Considering recent developments and Venezuela’s escalating aggression towards Guyana’s territory, Vice President Dr. Bharrat Jagdeo has expressed the government’s openness to dialogue on various issues. However, he firmly stated that Guyana will not re-enter bilateral negotiations to resolve the decades-old territorial controversy as the border issue was settled.

Speaking on Kaieteur Radio on Friday (December 8, 2023) evening, Dr. Jagdeo acknowledged Venezuela’s attempts to revive bilateral talks for a solution to the border issue but reiterated Guyana’s unwavering stance that a definitive and binding resolution can only be obtained through the International Court of Justice (ICJ).

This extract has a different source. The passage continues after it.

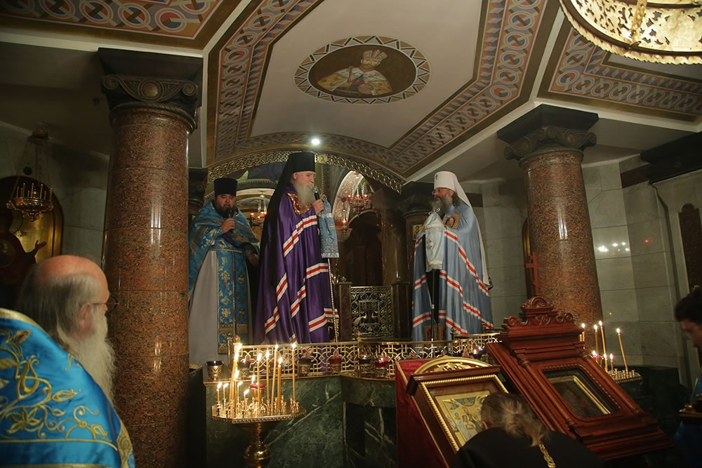 В этот день в храме возносили свои молитвы представители делегации Русской Православной Церкви Заграницей, прибывшие в уральскую столицу на празднование Царских дней во главе с епископом Канберрским Георгием.
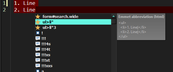 Go to http://docs.emmet.io/ for more information about standard Emmet.

Vice President, Dr. Bharrat Jagdeo

“We are open to dialogue with Venezuela. However, our red line is the ICJ process. Venezuela is trying to take the resolution of the border controversy back to the bilateral level,” the Vice President said.

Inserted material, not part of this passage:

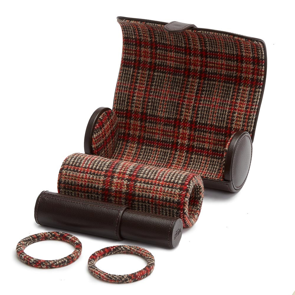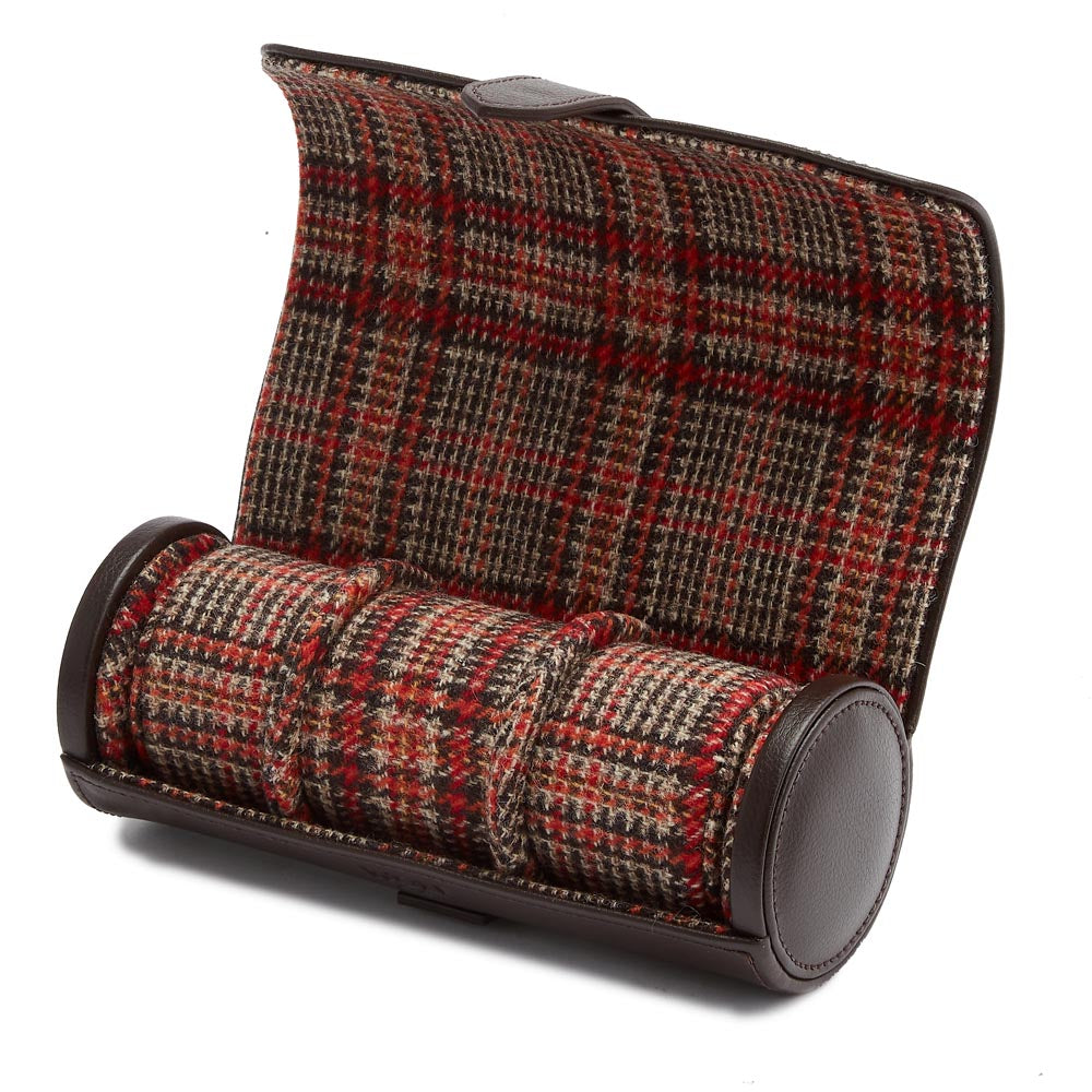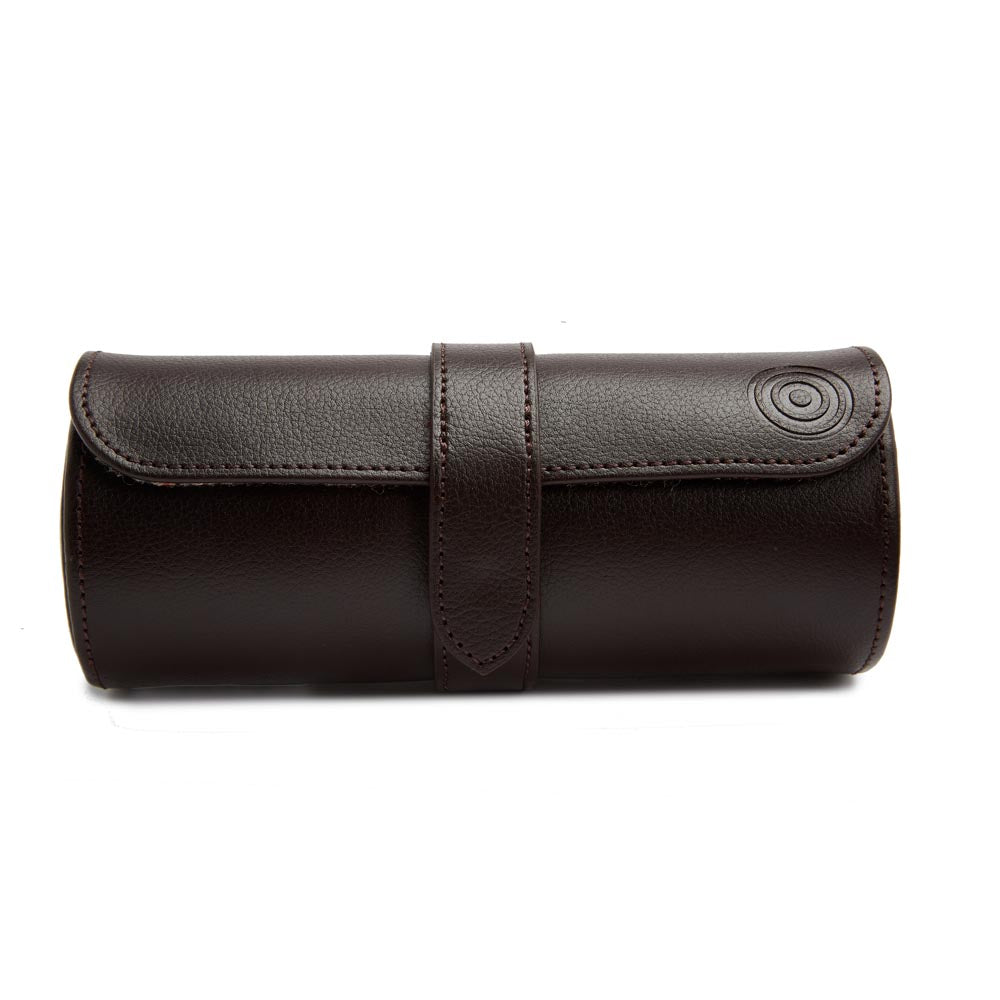 The WM Brown Watch Roll with Cigar Case is handcrafted in classic smooth brown leather and Negroni tweed lining. Patented Watch Guards keep your timepieces protected while traveling.
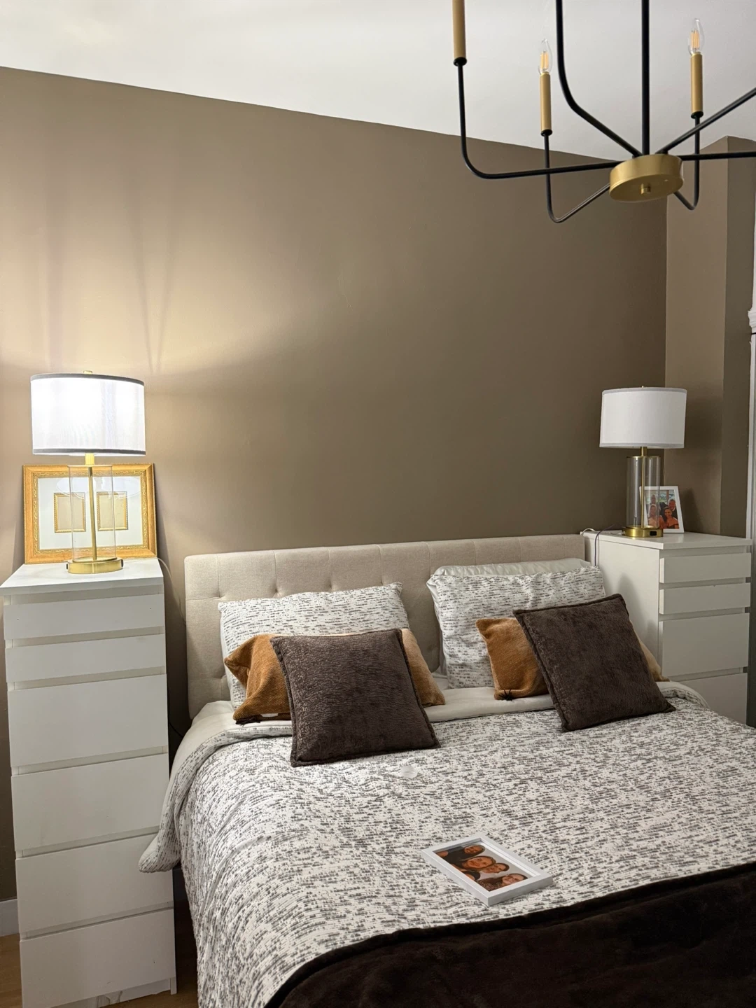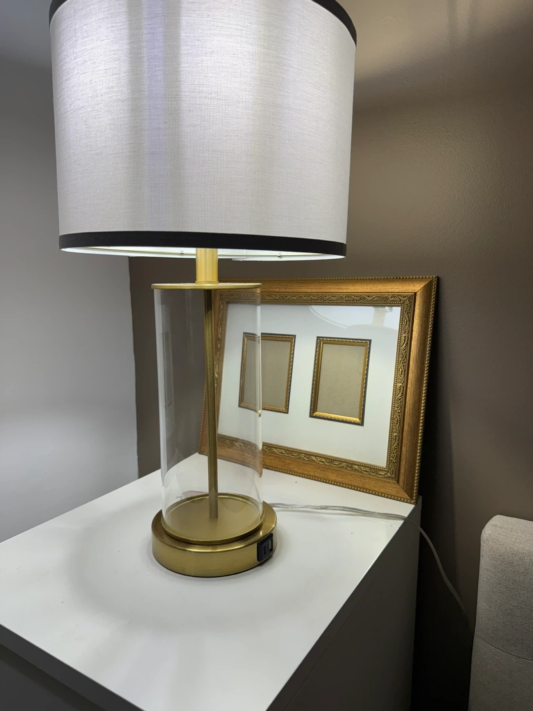 This table lamp features a clear glass cylinder base with gold accents. It has a white fabric shade. The lamp includes an inline power switch on the cord. Perfect for a nightstand or side table! 2 pcs

He made it explicitly clear that the ongoing ICJ proceedings are non-negotiable and must remain separate from any dialogue.

“The long process that we explored at the bilateral level to have this matter resolved for over 50 years through mixed commissions and acting under the auspices of the good offices process, the UN Secretary General’s Office and we are not going back there…”

“…they [Venezuela] are trying to say to our colleagues and to the international community that the recourse to the ICJ is not provided for by the Geneva agreement. That’s false. It was the secretary general who referred the matter to the ICJ,” the Vice President said.

The vice president explained that Prime Minister of St Vincent and the Grenadines, Dr. Ralph Gonsalves is the President of the Community of Latin American and Caribbean States (CELAC) and if talks are organised through that mechanism Guyana will participate in them.  “We’re inclined to participate in talks barring those issues, once those are properly organised and we don’t have a problem with a Brazilian and a CARICOM presence at those talks.”

Guyana’s border with Venezuela was legally and internationally decided over 100 years ago by a tribunal of arbitration in 1899 in what was determined then to be a “full, perfect, and final settlement”.

After 67 years, prior to Guyana’s independence, Venezuela challenged the 1899 Arbitral Award. This led to the signing of the Geneva Agreement in 1966.  Efforts over more than half-a-century, including a four-year Mixed Commission (1966-1970), a twelve-year moratorium (1970-1982), a seven-year process of consultations on a means of settlement (1983-1990), and a twenty-seven-year Good Offices Process under the UN Secretary-General’s authority (1990-2017), all failed to end the border controversy. 

After years of exhausted efforts, the matter was referred to the International Court of Justice (ICJ) by UN Secretary-General Antonio Guterres in accordance with the 1966 Geneva Agreement. This referral followed Guyana’s official filing of its case in 2018.

In December 2020, the ICJ affirmed its jurisdiction to hear the case definitively, bolstering Guyana’s confidence in a favourable ruling upholding the validity of the 1899 Arbitral Award.